Tentative orders ranging from $15 million worth of bonds to $45 million have been taken, the Mayor’s Office reported.

The receipts of the bond sales are expected to be wired into the San Diego City Employees’ Retirement System by next Wednesday. The city will take at least 24 years to pay off this $100 million loan.

That sum of money will go toward paying off the city’s $1.4 billion pension gap. The tobacco bond will also comply with a tentative legal settlement a former employee struck with the city last week. The settlement will end William McGuigan’s claim that the city underfunded its pension system by $173 million over the last decade.

Ina addition to the tobacco money, the city will have to pay the remaining $73 million into the fund over the next five years, beyond what the city’s annual pension bills call for. The City Council signed off on the settlement Tuesday and, pending some paperwork, the settlement is expected to be finalized on Aug. 21.

This borrowing plan occurred despite the city’s poor financial standing. The city is barred from the public bond markets while its credit rating is suspended, a result of not having the past three years’ worth of audits certified. This borrowing plan was possible because bond buyers will rely on the credit rating of the tobacco companies that would otherwise be paying the city the settlement money.

Investors were provided a 7.125 percent yield, which will result in some savings for the city because they will be charged that amount to pay back its $1.4 billion pension debt, which accrues interest at 8 percent. Chief Financial Officer Jay Goldstone said that the borrowing plan was only worthwhile if the city could obtain an interest rate that was less than 7.9 percent.

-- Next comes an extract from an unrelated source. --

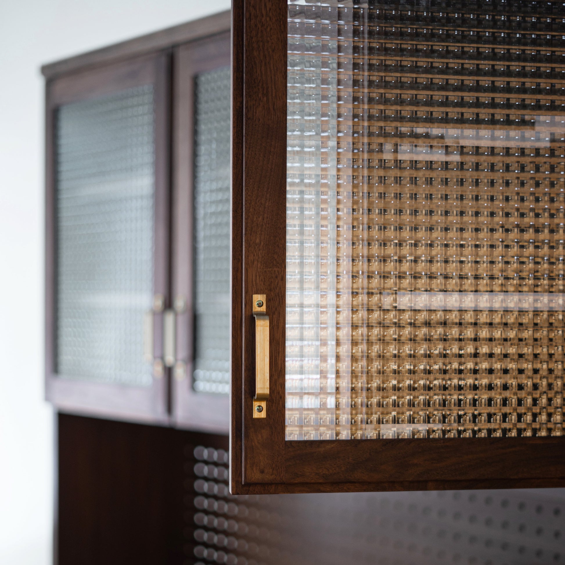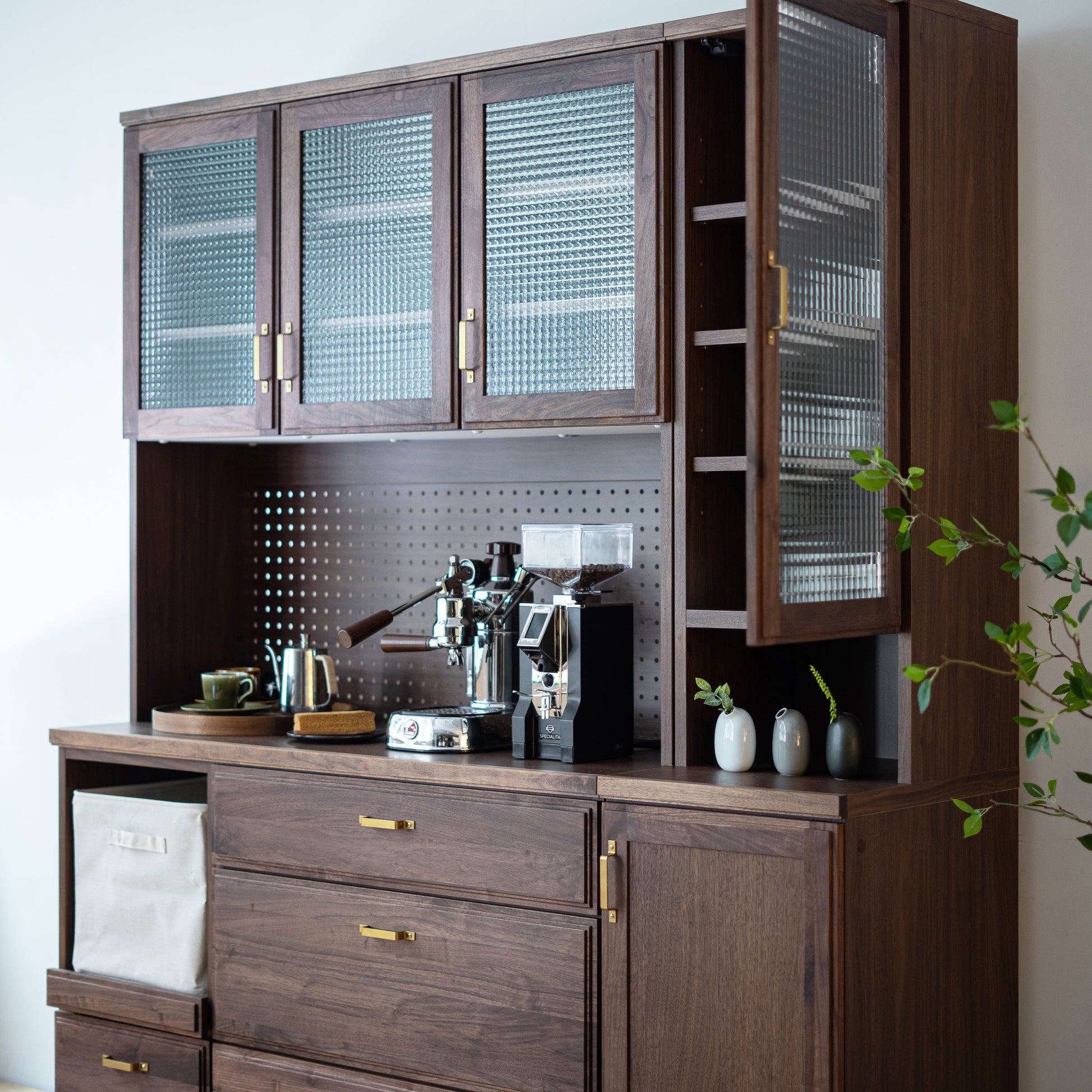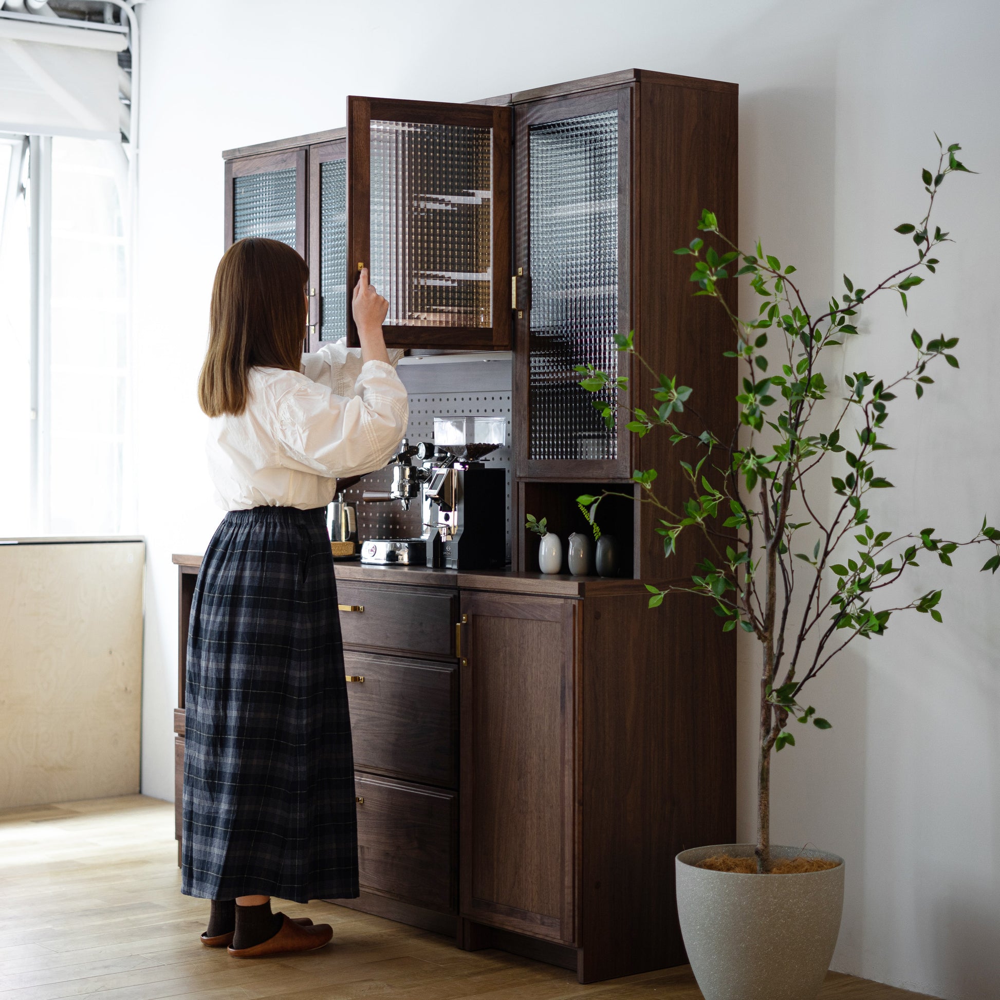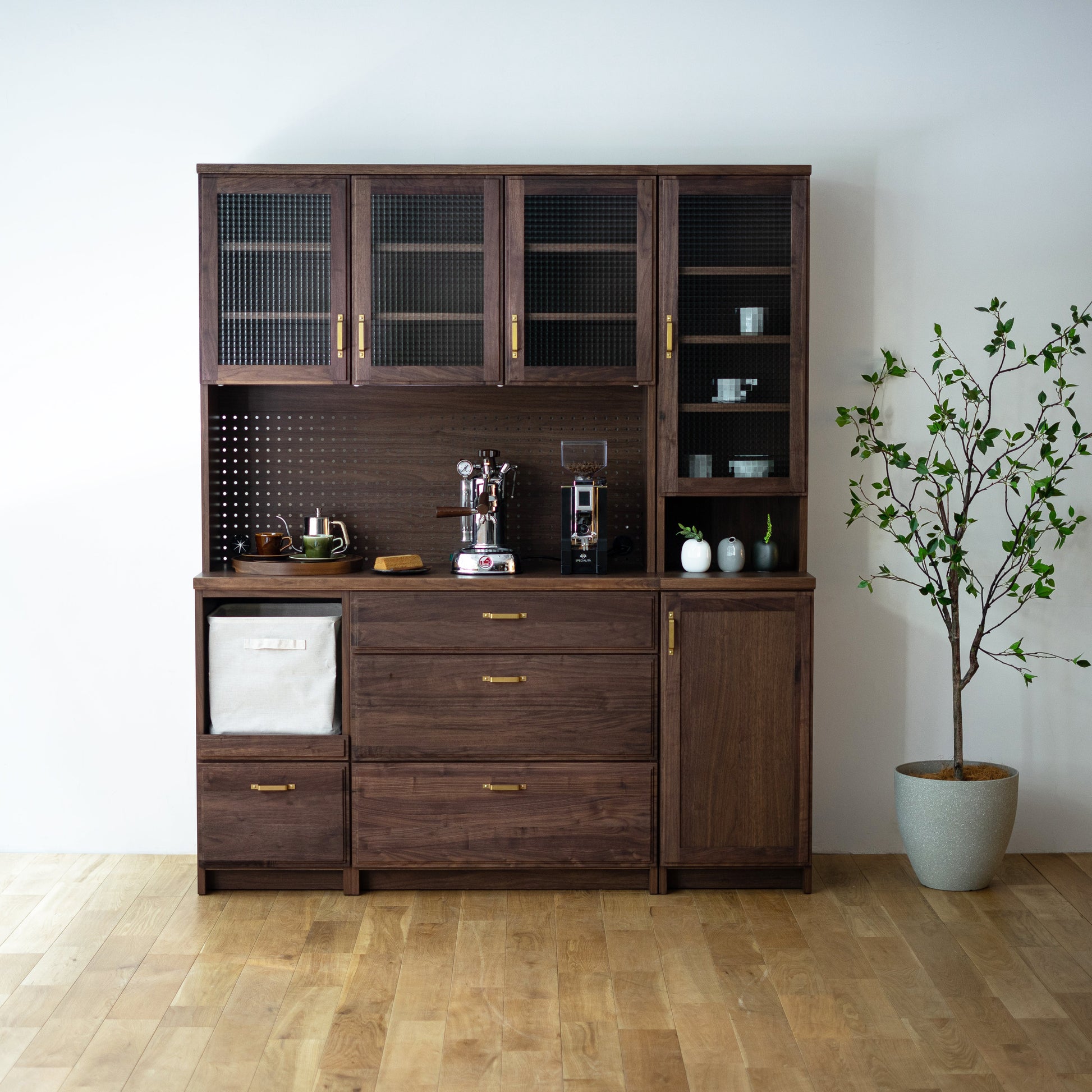 整體高度達 190 公分,亦可左右組合 83 公分半腰款式,可作廚房收納櫃、咖啡櫃、收藏展示櫃或書櫃⋯⋯等,是一款多用途收納櫃。依據喜歡的風格,搭配精緻的銀色或黃銅把手,挑選透明、霧面或復古格紋玻璃,打造獨特的日本木製收納櫃。

This $100 million tobacco bond is part of Mayor Jerry Sanders’ $674 million borrowing plan. The remainder of that plan faces obstacles. City Attorney Mike Aguirre said he will not sign off on pension bonds until a court determines the legality of retirement benefit enhancements that total $700 million. In addition, the rest of the loans are expected to be offered on the public bond markets, which the city hopes to reenter by the end of 2006.